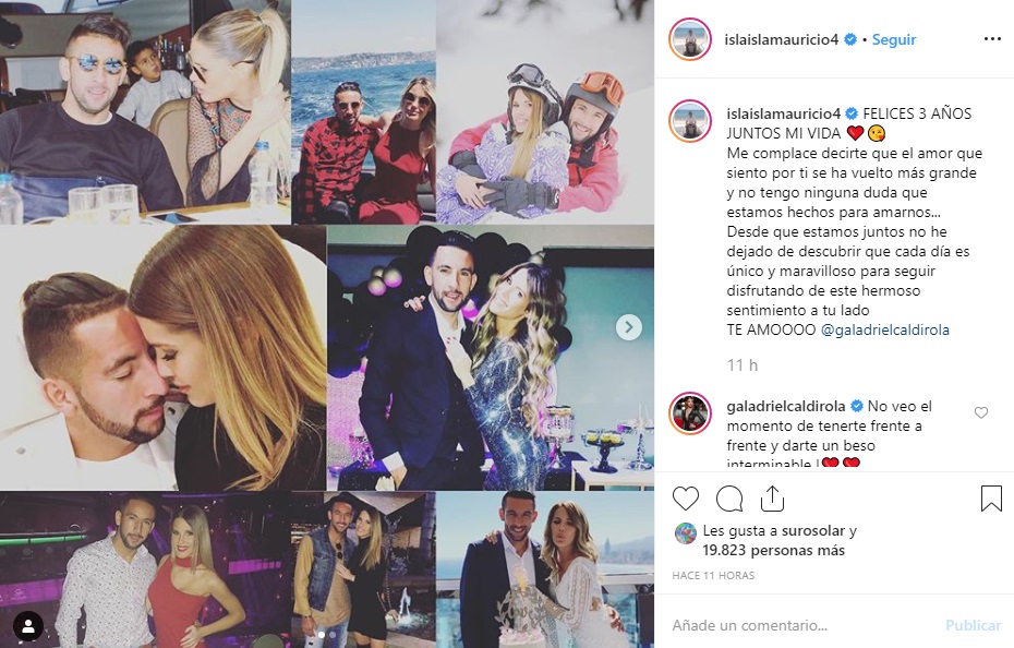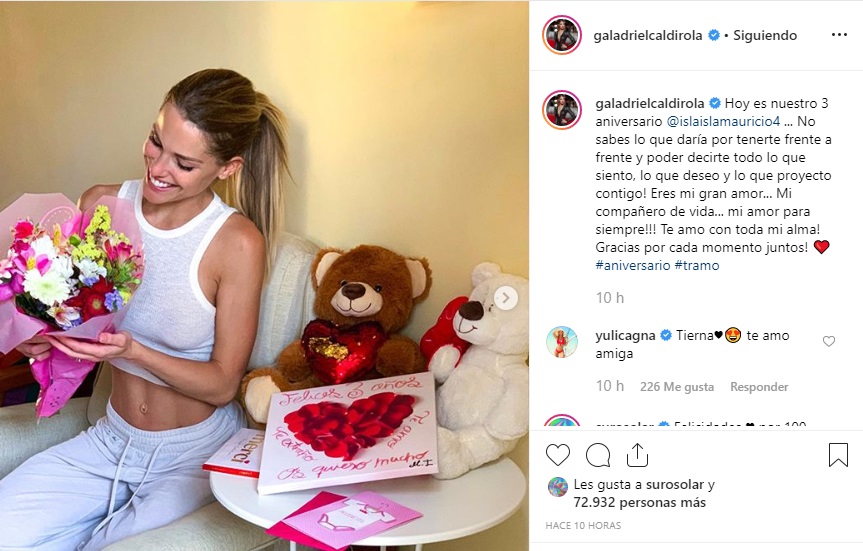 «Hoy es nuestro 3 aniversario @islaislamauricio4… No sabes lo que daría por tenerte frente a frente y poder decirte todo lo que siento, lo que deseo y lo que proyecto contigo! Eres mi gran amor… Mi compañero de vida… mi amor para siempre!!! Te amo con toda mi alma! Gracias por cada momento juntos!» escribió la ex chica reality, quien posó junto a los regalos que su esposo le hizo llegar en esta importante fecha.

---

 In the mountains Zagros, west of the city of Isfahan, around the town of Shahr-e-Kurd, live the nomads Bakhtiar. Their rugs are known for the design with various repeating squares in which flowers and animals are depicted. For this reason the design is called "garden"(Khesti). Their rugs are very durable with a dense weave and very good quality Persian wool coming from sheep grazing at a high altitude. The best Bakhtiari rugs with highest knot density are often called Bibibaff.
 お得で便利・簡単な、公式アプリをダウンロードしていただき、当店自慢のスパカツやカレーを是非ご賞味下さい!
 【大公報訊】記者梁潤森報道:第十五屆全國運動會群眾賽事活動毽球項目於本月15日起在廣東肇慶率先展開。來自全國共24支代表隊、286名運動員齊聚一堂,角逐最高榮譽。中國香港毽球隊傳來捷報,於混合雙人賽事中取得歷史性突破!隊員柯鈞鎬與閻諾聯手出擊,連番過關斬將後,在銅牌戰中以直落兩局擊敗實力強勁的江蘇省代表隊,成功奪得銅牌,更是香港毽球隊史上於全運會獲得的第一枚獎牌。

==

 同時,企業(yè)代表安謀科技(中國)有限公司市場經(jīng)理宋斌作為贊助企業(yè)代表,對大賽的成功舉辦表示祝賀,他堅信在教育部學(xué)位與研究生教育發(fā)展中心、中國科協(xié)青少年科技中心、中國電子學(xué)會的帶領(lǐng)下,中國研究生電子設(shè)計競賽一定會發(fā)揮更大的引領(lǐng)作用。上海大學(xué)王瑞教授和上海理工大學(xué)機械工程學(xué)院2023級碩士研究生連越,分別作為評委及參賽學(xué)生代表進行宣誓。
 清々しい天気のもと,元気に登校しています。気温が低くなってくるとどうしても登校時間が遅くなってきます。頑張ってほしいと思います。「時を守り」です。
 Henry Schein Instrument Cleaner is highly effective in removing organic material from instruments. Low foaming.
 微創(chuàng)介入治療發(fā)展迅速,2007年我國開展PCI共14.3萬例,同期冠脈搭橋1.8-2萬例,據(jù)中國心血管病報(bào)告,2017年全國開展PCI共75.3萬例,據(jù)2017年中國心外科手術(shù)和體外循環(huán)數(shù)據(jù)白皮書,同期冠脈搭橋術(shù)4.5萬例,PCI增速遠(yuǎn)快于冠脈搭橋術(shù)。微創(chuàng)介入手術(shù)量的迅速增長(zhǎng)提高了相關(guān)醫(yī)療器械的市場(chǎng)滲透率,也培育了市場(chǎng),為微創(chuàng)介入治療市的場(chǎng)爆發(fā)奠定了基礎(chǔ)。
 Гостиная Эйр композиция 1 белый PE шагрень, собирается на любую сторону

## ABOUT THIS EXERCISE
Check each line of the records for the string "from" and copy those that have it.

## SOLUTION FOR THIS TASK
 In the mountains Zagros, west of the city of Isfahan, around the town of Shahr-e-Kurd, live the nomads Bakhtiar. Their rugs are known for the design with various repeating squares in which flowers and animals are depicted. For this reason the design is called "garden"(Khesti). Their rugs are very durable with a dense weave and very good quality Persian wool coming from sheep grazing at a high altitude. The best Bakhtiari rugs with highest knot density are often called Bibibaff.
 Henry Schein Instrument Cleaner is highly effective in removing organic material from instruments. Low foaming.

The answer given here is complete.